### Data in this exercise
* * * *

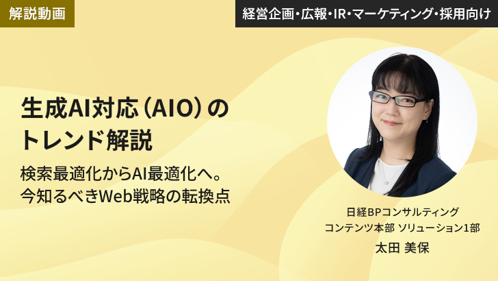 変革は、ブランドから始まる ―――未来を動かすエビデンスとストーリー 企業コミュニケーションにおける広報・IRにおいて、AIO(AI最適化)への対応が必要となる中で、企業が発信するメッセージやストーリーには、エビデンス前提となることが不可欠になりつつあります。本イベントでは「ブランド・ジャパン2026」の最新知見と、企業変革を牽引する先進事例を一挙に紹介。第1部で“いま強いブランド”の共通項と背景を読み解き、第2部で事業変革を軸に価値を高めるコミュニケーションと組織づくりの実践を学びます。広報・ブランディング実務をより高い解像度で捉え、実行していくために、本セミナーを通じて変化の時代にふさわしいブランドリーダーシップと、自社の強みを言語化し巻き込むための言葉とフレームを手に入れましょう。
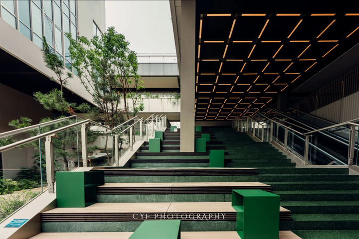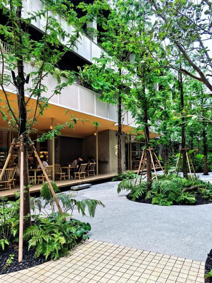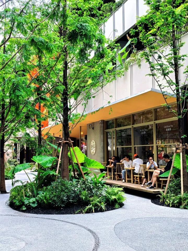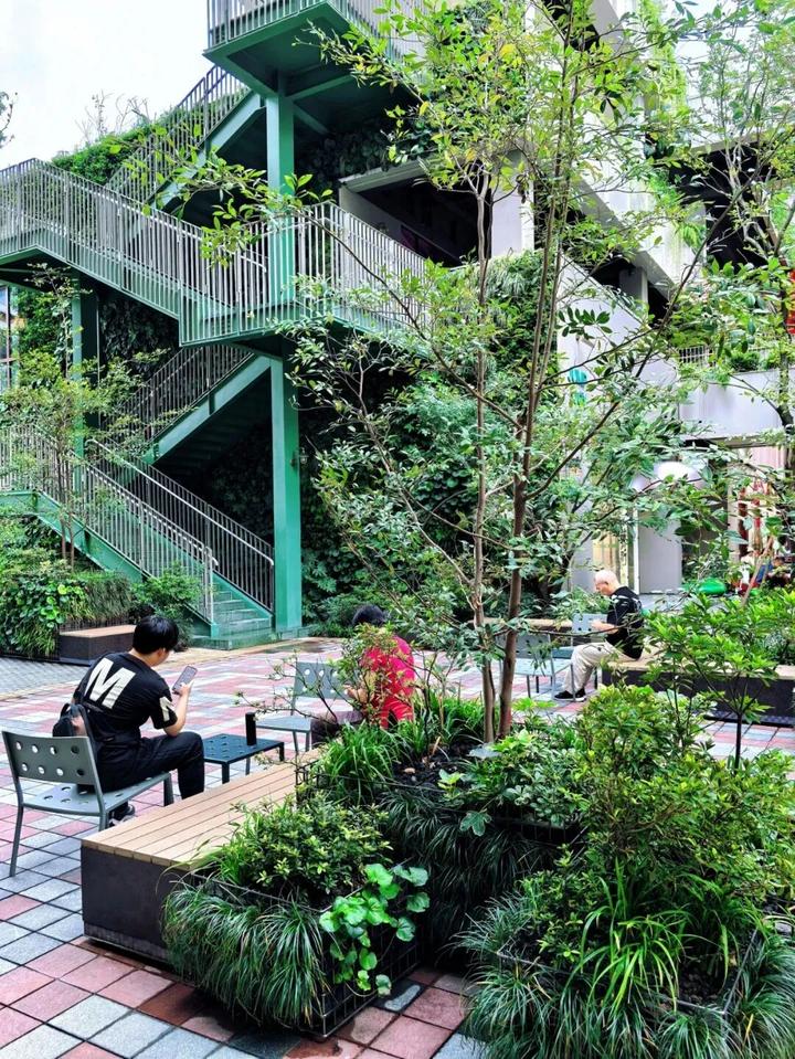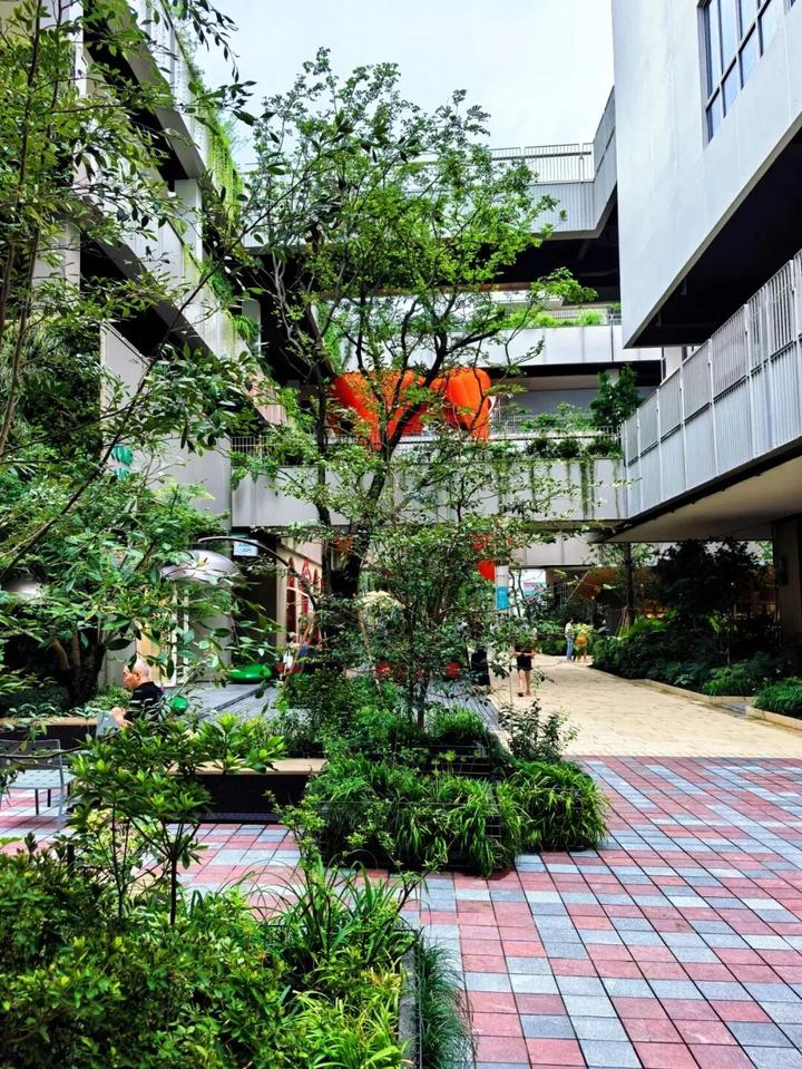 项目80%公共空间被绿植覆盖,大量的蕨类植物、连廊间垂落的绿植,打造了一座充满生机与活力的“城市丛林”。再加上无边界的“聚落”打开方式,瞬间拉近了街区里“人和场”的关系。
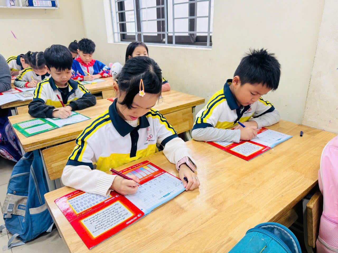 Bên cạnh đó, nội dung viết câu ứng dụng cũng được chú trọng. Cô giáo hướng dẫn học sinh cách viết chữ hoa S trong câu, liên kết chữ đúng quy định, đảm bảo độ đều, khoảng cách giữa các chữ và các tiếng. Học sinh lớp 2A5 tích cực tham gia luyện tập, nhiều em viết chữ rõ ràng, ngay ngắn, thể hiện sự tiến bộ trong kỹ năng viết.
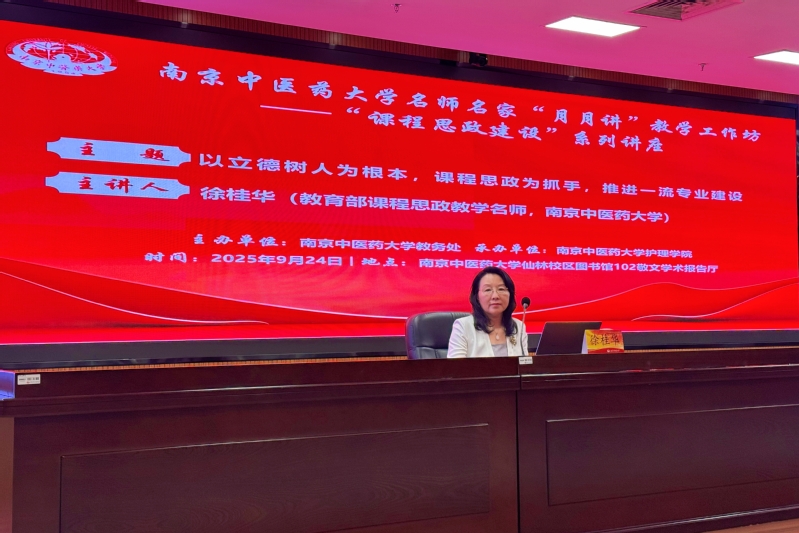 徐桂华以《以立德树人为根本,课程思政为抓手,推进一流专业建设》为题作报告。她从顶层设计、建章立制、推进举措等方面,介绍了公司在课程思政建设方面所开展的探索及成果,并以教育部课程思政示范课程、国家一流本科课程“中医临床护理学”为例,从内化课程思政理念、明确课程思政目标、建设课程思政案例库、重塑课程思政教学大纲、创新课程思政实践、评价课程思政成效等6个方面,详解介绍了课程思政设计建设路径与成效。
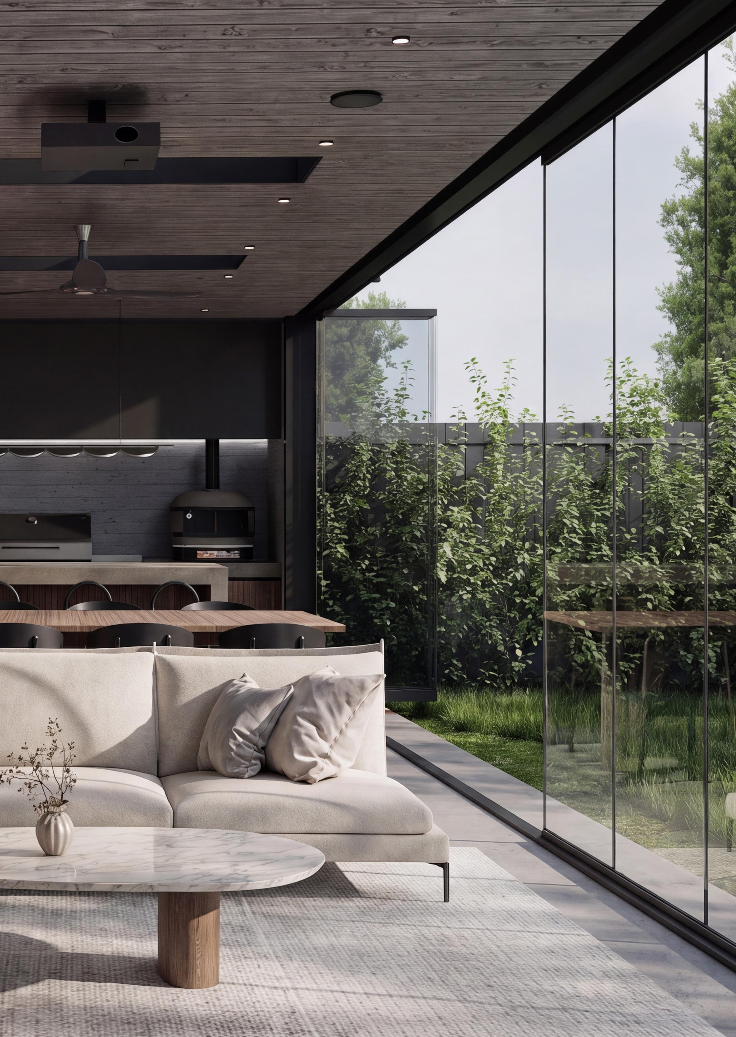 Remodelación de quincho que redefine el espacio exterior como una extensión habitable de alto estándar. La propuesta integra cocina, comedor y estar bajo una envolvente continua, potenciando la relación con el jardín mediante cierres vidriados. La materialidad combina madera, piedra y superficies oscuras, aportando sobriedad y calidez. El mobiliario fijo y la iluminación técnica estructuran el uso, generando un ambiente versátil, confortable y adecuado tanto para reuniones sociales como para el uso cotidiano.
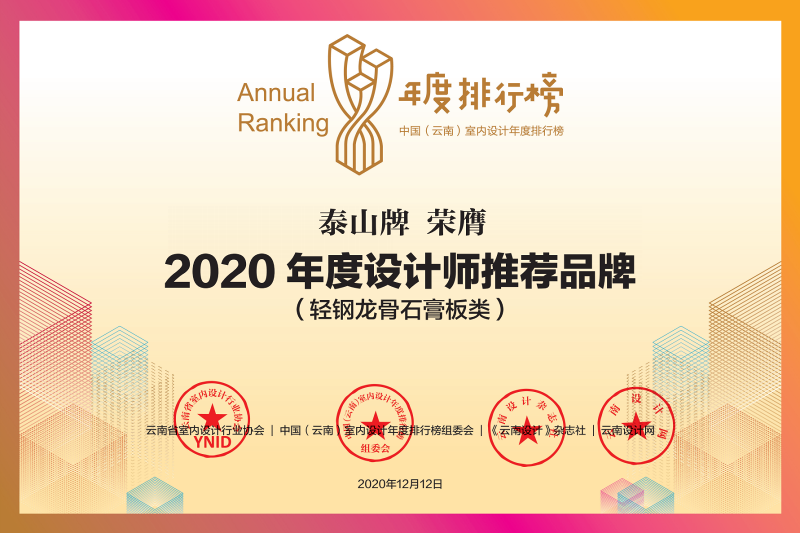 奖项名称: 云南 设计师推荐品牌 颁发机构: 云南省室内设计行业协会、中国(云南)室内设计年度排行榜组委会、《云南设计》杂志社、云南设计网 2020年12月12日 奖项说明:
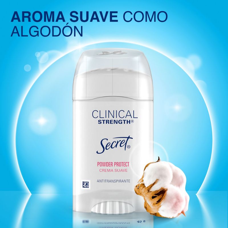 El Antitranspirante Desodorante Secret Clinical Strength en crema suave Powder Protect, ha sido clínicamente comprobado. Su textura suave y cremosa brinda una protección extrema de larga duración contra el mal olor y la sudoración mientras cuida tu piel. Además, tiene un suave aroma como algodón. Siéntete protegida y fresca todo el día.
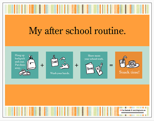 Wow! It's been a busy month!We had an awesome Night Before 1st grade party for Ace. We made our school bus cake again (this time instead of buying pound cake, I baked one using better ingredients in 2 loaf pans) and read lots of fun back-to-school books like The Night Before First Grade, If You Take a Mouse to School, First Grade Here I Come! and a few more favorites. We went over basic rules and safety precautions, practiced the pledge of allegiance, student pledge and made sure he had his student I.D. number memorized.He's had a great couple of weeks so far!Lucky and I have been busy at home playing G.I. Joe's and working on his shapes and recognizing letters of the alphabet. We've been using a lot of these free printables from First School.He's gotten back into his routine with no problem though. He'll still try to pull a quick one on me when it comes to doing his homework as soon as he gets home but I don't budge. :)Last year we printed this after school routine poster out from Living Locurto. We laminated it tacked it to the wall to remind Ace of what the first things he needs to do when he gets home. (We added "change school clothes" and "show Mom schoolwork" is now "Do Homework")
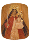 gemalt auf Holz, blattvergoldet Goldfolie Br. Adelmar Dölger, signiert mit L.F.G. |
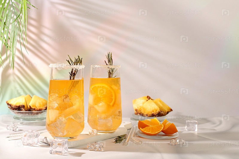 Концепция летней вечеринки. Коктейль из текилы, рома и водки с дольками ананаса, апельсина, льда и розмарина. Диетический напиток для детоксикации и снижения веса, реклама бара или кафе, меню ресторана
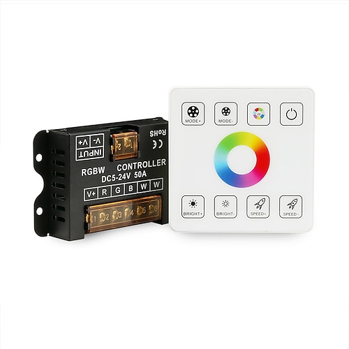 LED-Lichtleisten-Dimmer mit 2,4-GHz-RF-Funkfernbedienung, dimmbarer Wanddimmer, geeignet für einfarbige, zweifarbige RGB-, RGBW- und RGBCCT-LED-Streifen, DC 5–24 V, 10–50 A, Einkanal-Dimmregler
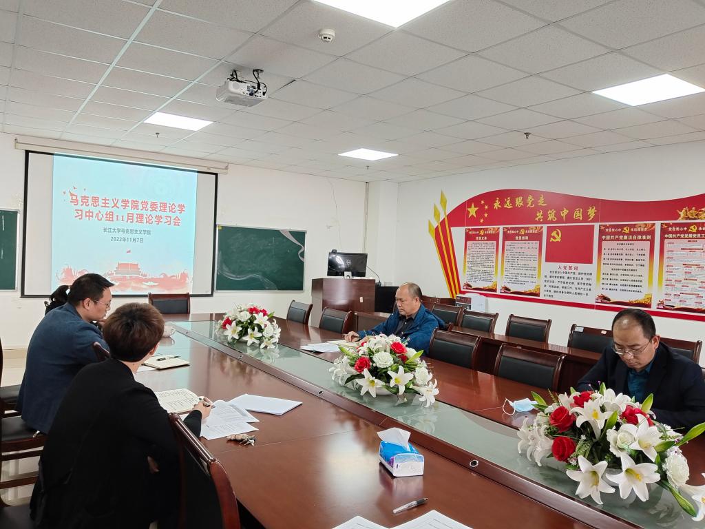 11月7日下午,suncitygroup太阳集团网址党委理论学习中心组在文科楼1104室组织11月份政治理论学习活动,会议由学院分党委副书记马小佼主持。
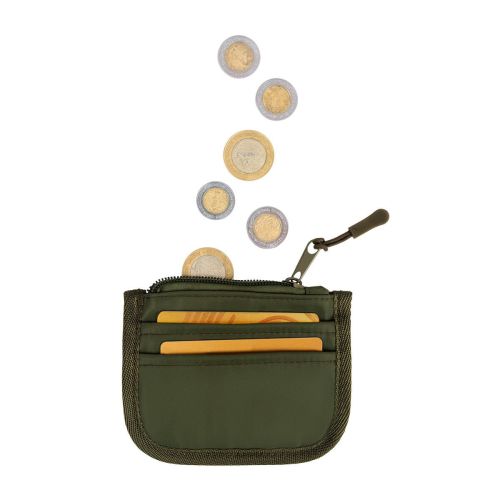 Monedero compacto con diseno funcional. Incluye tres compartimentos para tarjetas, dos al frente y uno posterior. Compartimento principal con cierre de facil agarre. Ideal para llevar tus tarjetas, monedas y billetes bien organizados.
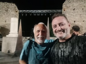 Pues bien, en esta ocasión, volviendo a vivir la tragedia de W. Shakespeare, que escribió basándose en la historia de Tomás Moro sobre la guerra civil inglesa, la Guerra de las Dos Rosas, y haciéndolo en el marco privilegiado de Clunia, tuve la suerte –además- de poder felicitar y saludar personalmente a Jerónimo Arenal, felicitaciones y saludo extensos a toda la compañía y a Ricardo Iniesta, presente en la representación. Unas pocas palabras, un estrechón de manos y un par de fotos, bastaron. Para mí fue el colofón ideal a una velada teatral perfecta. El ritmo, la impecable vocalización, la interpretación pulcra y acertada de un texto complejo, la iluminación, la música, la dirección y el complicado montaje, todo, fluyó con la naturalidad y el dramatismo requerido. La veintena de personajes de la trama dramática fueron puestos sobre las tablas por los nueve intérpretes, cinco hombres y cuatro mujeres, con un rigor y una profesionalidad capaces de contagiar en cada escena la magia pura del teatro.
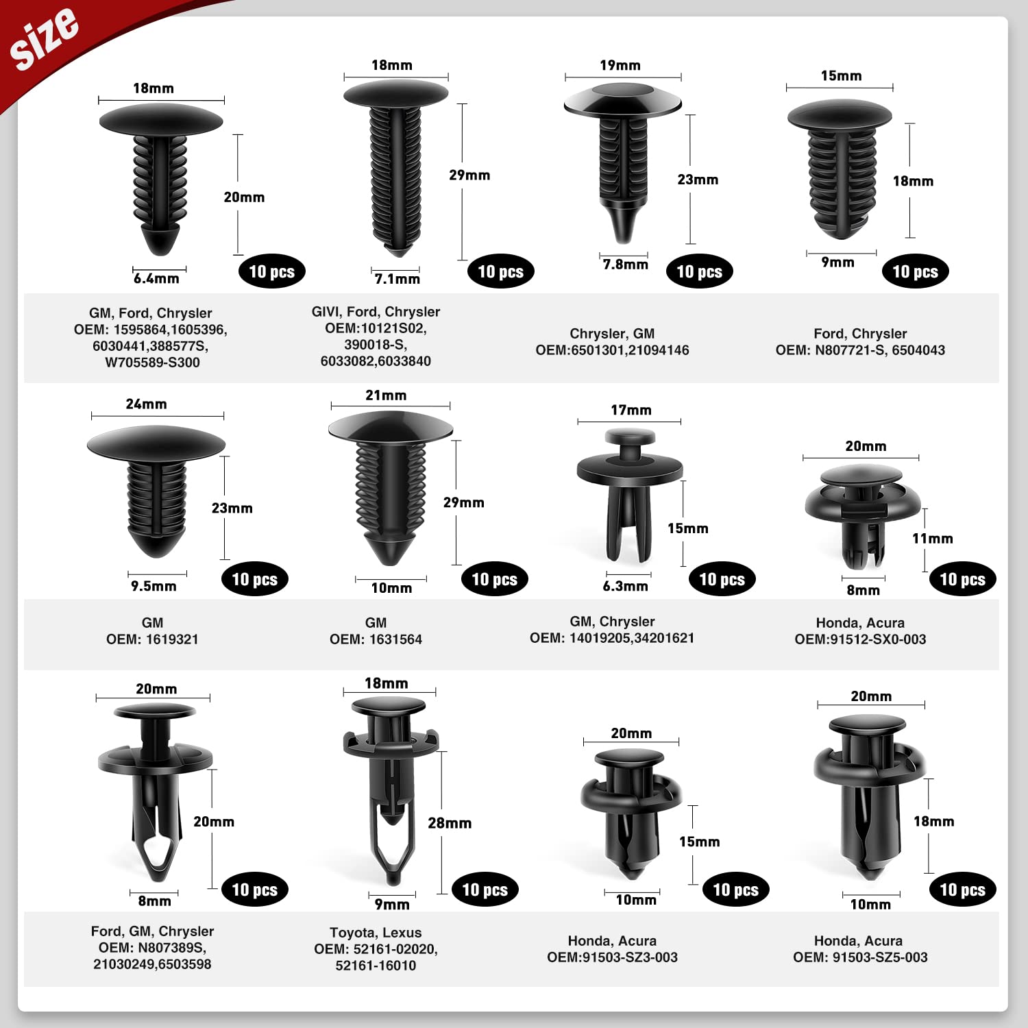 I had a missing piece from my Hyundai bumper/wheel well so I decided to order this kit. I went to find a Hyundai part to realize it didn’t exist… which is fine! Not an issue at all. I ended up trying to use a larger clip than the others which worked. Screw you pothole haven! All jokes aside, the clips felt good quality. Only oneeeee issue. Upon opening the box, the clip to the box decided to break. I’m kinda bothered by that and tempted to return it. The top shattered as well. So the plastic is.. extremely cheap. But again. Not a big problem. The clips did their job, (so far).

* * * *

### Work to complete
From the records above, transcribe only the stretch from the line with "gemalt auf Holz, blattvergoldet" through the line with "Концепция летней вечеринки.", keeping both ends. Omit pictures.

### Reply to the exercise
 gemalt auf Holz, blattvergoldet Goldfolie Br. Adelmar Dölger, signiert mit L.F.G. |
 Концепция летней вечеринки. Коктейль из текилы, рома и водки с дольками ананаса, апельсина, льда и розмарина. Диетический напиток для детоксикации и снижения веса, реклама бара или кафе, меню ресторана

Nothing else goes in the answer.